» TO DO:
Only the lines below from the one containing "Nel 2015 partecipò" through the one containing "Окончание. Начало на 4 стр." belong in the answer, set down exactly, with the pictures left out.

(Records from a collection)
___
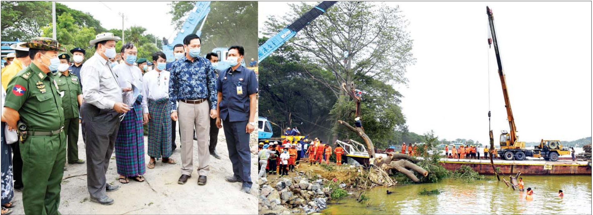
ဒုတိယသမ္မတ ဦးဟင်နရီဗန်ထီးယူ အမရပူရမြို့နယ် ရွှေဂဲရေဆိုးထုတ်စက်ရုံအနီး တာရီးကျိုးပေါက်မှုကြောင့် ဧရာဝတီမြစ်ရေဝင်ရောက်မှုအား တားဆီးပိတ်ဆို့နိုင်မှုနှင့် ကမ်းနားလမ်း ပြန်လည်တည်ဆောက်ပြီးစီးမှု အခြေအနေများကို ကြည့်ရှုစဉ်။ သတင်းစဉ်

ဒုတိယသမ္မတ ဦးဟင်နရီဗန်ထီးယူ အမရပူရမြို့နယ် ရွှေဂဲရေဆိုးထုတ်စက်ရုံအနီး တာရီးကျိုးပေါက်မှုကြောင့် ဧရာဝတီမြစ်ရေဝင်ရောက်မှုအား တားဆီးပိတ်ဆို့နိုင်မှုနှင့် ကမ်းနားလမ်း ပြန်လည်တည်ဆောက်ပြီးစီးမှု အခြေအနေများ သွားရောက်ကြည့်ရှု
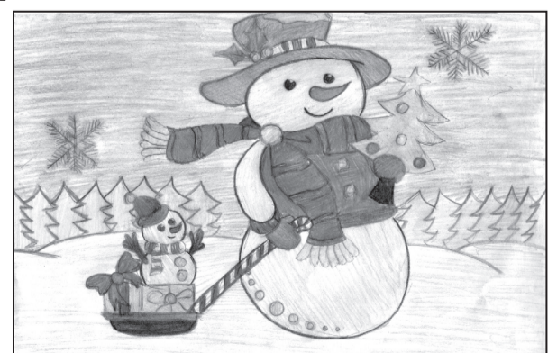
Рис. Глухой Софии, 3 В класс
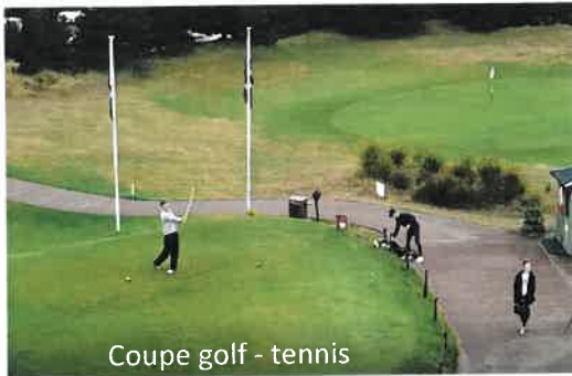
Coupe golf - tennis

Retour sur cette magnifique semaine d'animations et de fêtes.
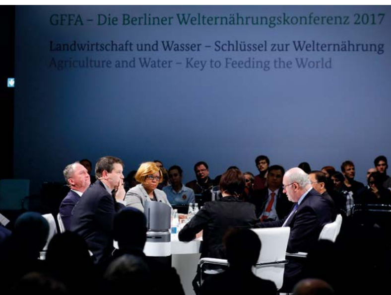
Impressionen aus den High Level Panels

Bei den fast durchweg ausgebuchten Veranstaltungen konnten Panelisten der unterschiedlichsten Fachrichtungen ihre Perspektiven einbringen. Hier wurden beispielsweise die Vorteile einer wassersparenden Tröpfchenbewässerung genauso erläutert wie die Voraussetzungen, die erfüllt sein müssen, damit die Verwendung von Abwasser in der Landwirtschaft gesundheitlich unbedenklich ist und auch bei allen Beteiligten Akzeptanz findet. Es wurde immer wieder deutlich, wie sich mit intelligenten Wassermangementslösungen sowohl der Wasserverbrauch verringern als auch gleichzeitig die landwirtschaftlichen Erträge steigern lassen. Unter Verweis auf die Agenda 2030- Ziele im Wasser- und Agrarsektor sprachen sich die Teilnehmer für innovative Lösungsansätze aus, die die gesamte Wertschöpfungskette der Nahrungsmittelproduktion in den Blick nehmen, d.h. die Anbaugelände und -produkte, den Produktionsprozess und die Lieferkette.
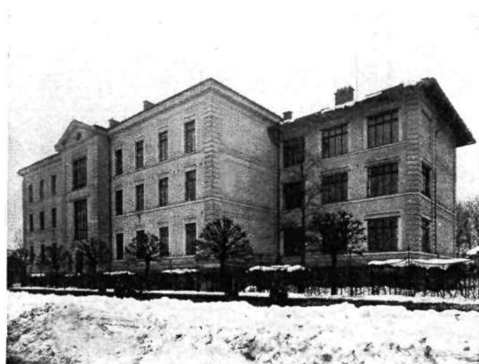
Mestno zavetišče za onemogle v Ljubljani

V suterenu je kuhinja z vsemi potrebnimi shrambami, pralnica, likalnica, pekarna, shramba za kruh, prostor za centralno kurjavo, sobe za služkinje, hlapca ter jedilnica za sestre redovnice, katerim je poverjena nega bolnikov, gospodinjstvo in poljska dela.
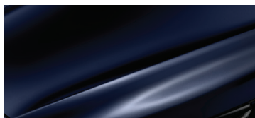
ТЕМНО-СИНИЙ ПЕРЛАМУТ (DARK BLUE PEARL)
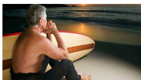
FISHER INVESTMENTS ITALIA
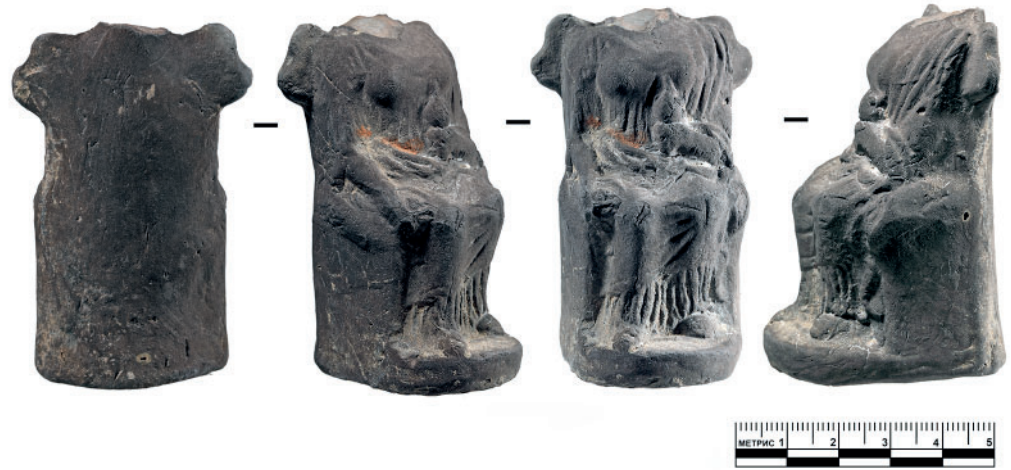
Рис. 2. Терракотовая статуэтка Афины Эрганы. Из раскопок Пантикапея. ВКИКМЗ.
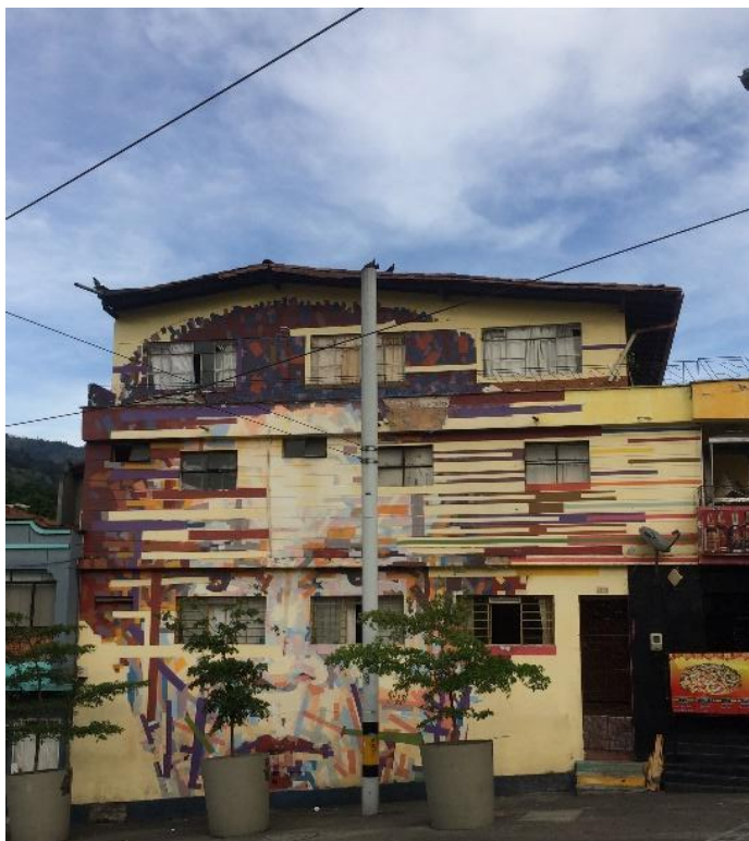
Figura 5: Grafiti en la Estación Buenos Aires, Casa de Blanca Escobar, Rostro de Belarmina Rojas, Fotografía Digital, Elaboración Propia.

del sector en relación con las dinámicas sociales, económicas y un cambio visual desde los diferentes murales artísticos.
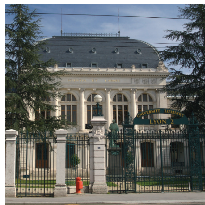
Serge Tanet / Université Lumière Lyon 2

4 bis rue de l'Université 69365 Lyon cedex 07 Standard ☎ 04 78 69 70 00
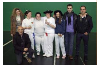
Pelotaris de Bizkaia y Navarra que disputaron la final del campeonato de pelota mano femenino el 12 de marzo en Zizur Mayor.

El trabajo del Club de Pelota Ardoi Elkartea en la promoción de la pelota fue reconocido en la primera Gala de la Pelota Navarra organizada por Elkarpetola el pasado 1 de junio.
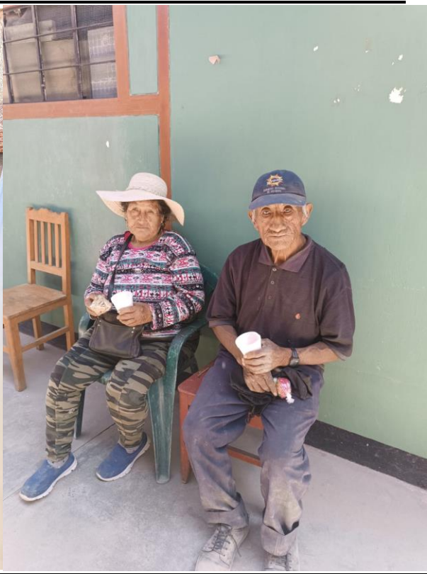
CARAVELI – Gesundheitscheck
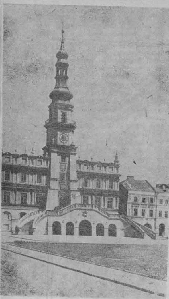
Ratusz w Zamościu, zaprojektowany przez Bernarda Moranda i zbudowany w latach 1591—1622, przebudowany w latach 1639—1651.

cą zabudowę. Większym przedsięwzięciem była rozbudowa dawnych układów przestrzennych; zakładanie nowych dzielnic i wykonywanie fortyfikacji w zmienionych warunkach obronnych.
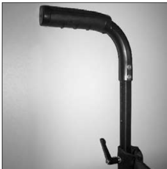
MD 52 Manopole regol.in altezza
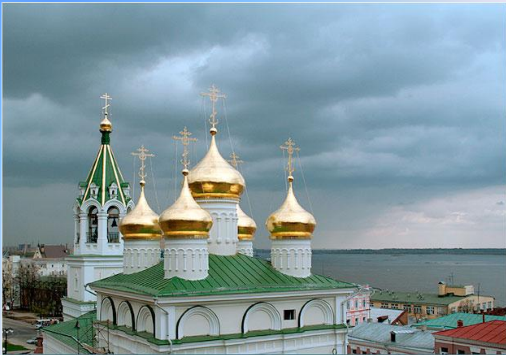
Церковь Иоанна Предтечи
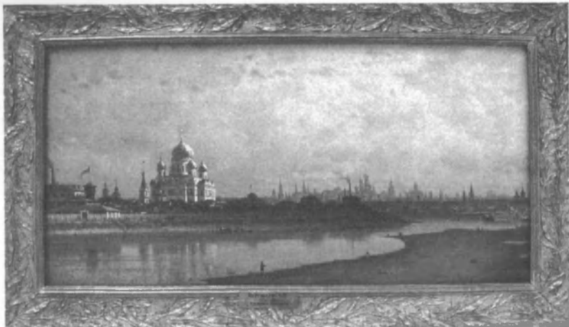
Верещагин П.П. Река Чусовая. Камень «Красный». ПГХГ. Холст, масло. 28x33,5
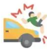
Дорожно – транспортные происшествия
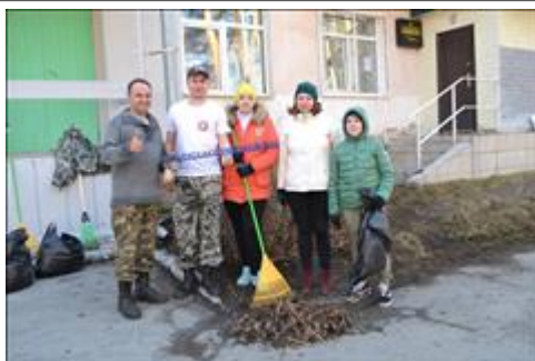
Добрый субботник на территории Центра помощи детям "Бумеранг Добра" Совместное мероприятие: родители вместе с детьми с ограниченными возможностями здоровья, волонтеры, представители городских организаций. Общий труд, как средства социализации и коммуникации.
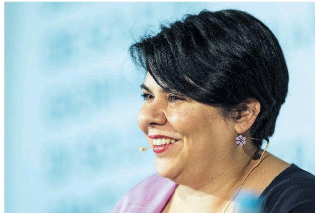
Nel 2015 partecipò alle 37esime Giornate letterarie di Soletta

Circondata dalla sua queer family di dieci persone e dai suoi quattro figli "d'anima" (il più grande di 35 anni, il più piccolo di 20), Murgia ha affrontato le ultime fasi della malattia: "Posso sopportare molto dolore, ma non di non essere presente a me stessa", aveva detto a maggio al 'Corriere', rivelando che, dopo il primo cancro al polmone di anni fa, il tumore era tornato al rene e le metastasi avevano già raggiunto i polmoni, le ossa, il cervello. "Ma non chiamatemi guerriera, odio i militari", aveva avvertito in un affollatissimo incontro pubblico all'ultimo Salone del Libro di Torino. "Se sono stanca di essere antagonista? In un Paese normale, civile, quello che faccio io lo fanno gli intellettuali e nessuno viene trascinato in tri-
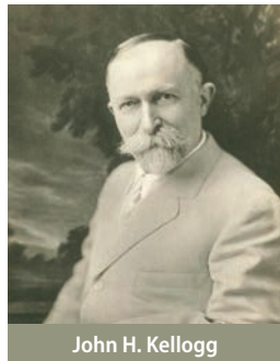
John H. Kellogg

Întrucât carta sanatoriului expira în 1897, Kellogg a făcut o manevră legală, care să-l avantajeze. Doctorul a fondat o nouă instituție, a transferat acestei instituții sanatoriul, iar membrilor noului bord, care erau de asemenea adventiști, li s-a cerut să semneze că sanatoriul va fi un stabiliment „pur umanitar și filantropic, nedenuminațional și nesectar”. Astfel, doctorul se asigura că sanatoriul (care fusese proiectul bisericii!) nu va ajunge sub controlul liderilor adventiști. 1
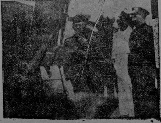
Federico de MENDIZABAL

Y así, asomándose el alma con un reflejo inmortal a las pupilas inmóviles, de una fijiza tenaz, tiene miradas de estrellas desde ahora, el capitán!
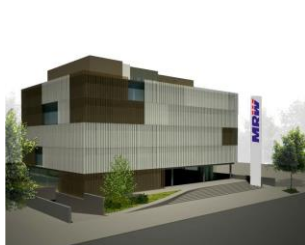
MRW – Sede Central Barcelona (España)
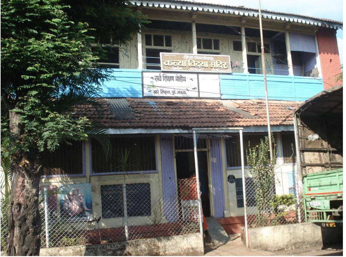
कन्या विद्यामंदिर मलकापूर
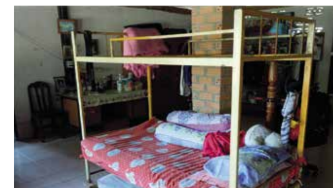
Oles nye seng i Thailand
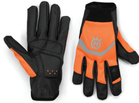
GLOVES, FUNCTIONAL LIGHT NON-SLIP 529 88 02-07
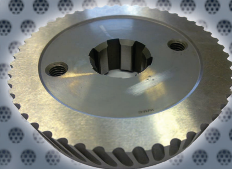
Obj. č. 2135 Nůž UNIVERZAL
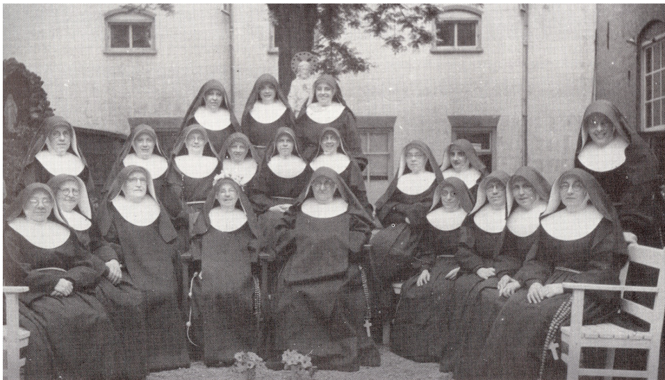
De zusters van het Lucia Klooster. 1945.

Wij waren daar ook vaak bruidje, omdat het een of ander feest was en dan moesten we van thuis bloemen meenemen. Ja, daar werd natuurlijk geen cent aan gespendeerd. We hadden pioenrozen in de tuin, die werden in een krantje gerold en die mochten dan mee naar school. Mijn zus die deed dat allemaal trouw en die zei niets, maar ik liep te muiten. Ik wilde echte bloemen. Het waren natuurlijk wel echte bloemen. Prachtig zelfs, maar ik vond het niks. Tweedehands bloemen vond ik het. En dan mocht je hopen, dat ze niet in die bus uit elkaar gerammeld waren.
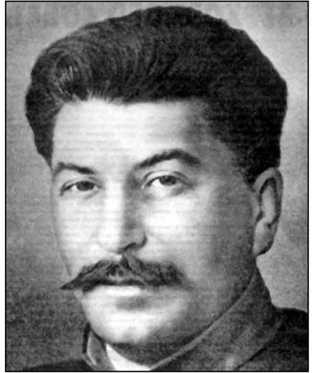
Окончание. Начало на 4 стр.

Таким вот он был – неофициальный Генеральный «с необъятной властью». И за всю эту свою необъятную, бессменную работу на всех должностях и постах – единственной наградой, которой он дорожил, гордился и носил постоянно, была Золотая медаль «Серп и Молот» Героя Социалистического Труда №1. Которой был награжден Указом Президиума Верховного Совета СССР 20 декабря 1939 г. «За исключительные заслуги в деле организации Большевицской партии, построения социалистического общества в СССР и укрепления дружбы между народами Советского Союза» в связи с 60-летием со дня рождения. И именно в ней видел весь смысл своей жизни – в мирном труде на благо социалистического Отечества.
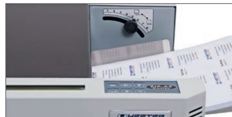
Einfache Bedienung und individuelle Einstellung der Papierstärke

Die fertig geschnittenen Endformate werden in einer universell einstellbaren Ablage sauber abgelegt und können von dort bequem entnommen werden. Extrem langlebige Längs- und Quermessereinheiten sorgen auch bei einer hohen Anzahl von Schnitten stets für ein professionelles Erscheinungsbild!
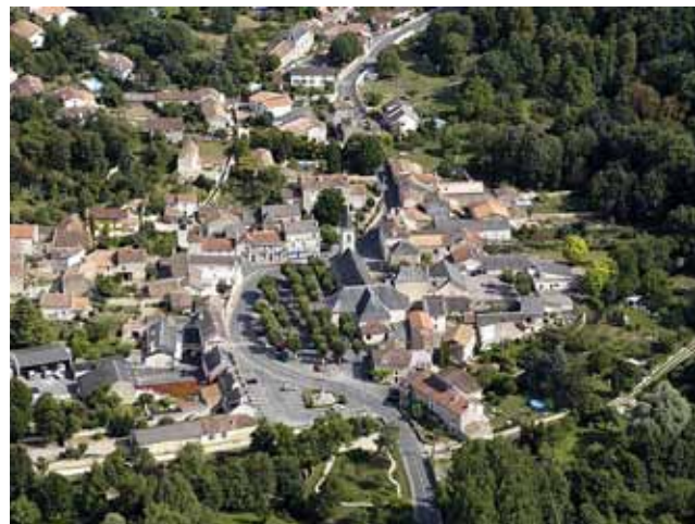
Le bourg de Migné-Auxances - Vue aérienne

Un développement intimement lié à la proximité de Poitiers
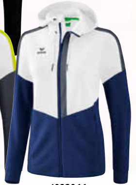
1032066 weiß/ new navy/slate grey
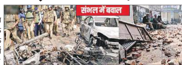
संभल में बवाल। सांसद बर्क और विधायक इकबाल के बेटे पर एफआईआर 2500 दंगाइयों पर केस, दो महिलाओं समेत 25 गिरफ्तार
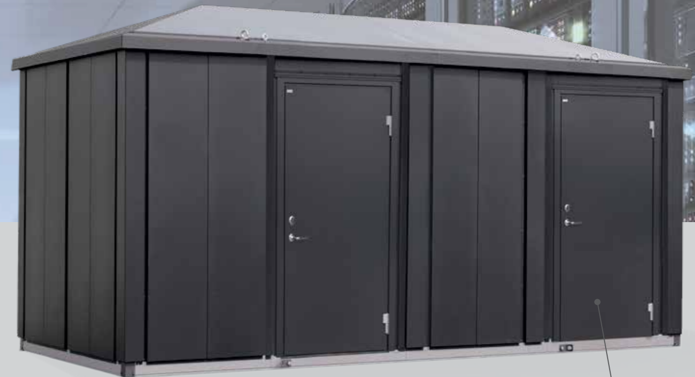
Integrert fundament, produsert i 3 mm galvanisert stål.
___
» RESULT OF THIS TASK:
Nel 2015 partecipò alle 37esime Giornate letterarie di Soletta

Circondata dalla sua queer family di dieci persone e dai suoi quattro figli "d'anima" (il più grande di 35 anni, il più piccolo di 20), Murgia ha affrontato le ultime fasi della malattia: "Posso sopportare molto dolore, ma non di non essere presente a me stessa", aveva detto a maggio al 'Corriere', rivelando che, dopo il primo cancro al polmone di anni fa, il tumore era tornato al rene e le metastasi avevano già raggiunto i polmoni, le ossa, il cervello. "Ma non chiamatemi guerriera, odio i militari", aveva avvertito in un affollatissimo incontro pubblico all'ultimo Salone del Libro di Torino. "Se sono stanca di essere antagonista? In un Paese normale, civile, quello che faccio io lo fanno gli intellettuali e nessuno viene trascinato in tri-
John H. Kellogg

Întrucât carta sanatoriului expira în 1897, Kellogg a făcut o manevră legală, care să-l avantajeze. Doctorul a fondat o nouă instituție, a transferat acestei instituții sanatoriul, iar membrilor noului bord, care erau de asemenea adventiști, li s-a cerut să semneze că sanatoriul va fi un stabiliment „pur umanitar și filantropic, nedenuminațional și nesectar”. Astfel, doctorul se asigura că sanatoriul (care fusese proiectul bisericii!) nu va ajunge sub controlul liderilor adventiști. 1
Federico de MENDIZABAL

Y así, asomándose el alma con un reflejo inmortal a las pupilas inmóviles, de una fijiza tenaz, tiene miradas de estrellas desde ahora, el capitán!
MRW – Sede Central Barcelona (España)
कन्या विद्यामंदिर मलकापूर
Oles nye seng i Thailand
GLOVES, FUNCTIONAL LIGHT NON-SLIP 529 88 02-07
Obj. č. 2135 Nůž UNIVERZAL
De zusters van het Lucia Klooster. 1945.

Wij waren daar ook vaak bruidje, omdat het een of ander feest was en dan moesten we van thuis bloemen meenemen. Ja, daar werd natuurlijk geen cent aan gespendeerd. We hadden pioenrozen in de tuin, die werden in een krantje gerold en die mochten dan mee naar school. Mijn zus die deed dat allemaal trouw en die zei niets, maar ik liep te muiten. Ik wilde echte bloemen. Het waren natuurlijk wel echte bloemen. Prachtig zelfs, maar ik vond het niks. Tweedehands bloemen vond ik het. En dan mocht je hopen, dat ze niet in die bus uit elkaar gerammeld waren.
Окончание. Начало на 4 стр.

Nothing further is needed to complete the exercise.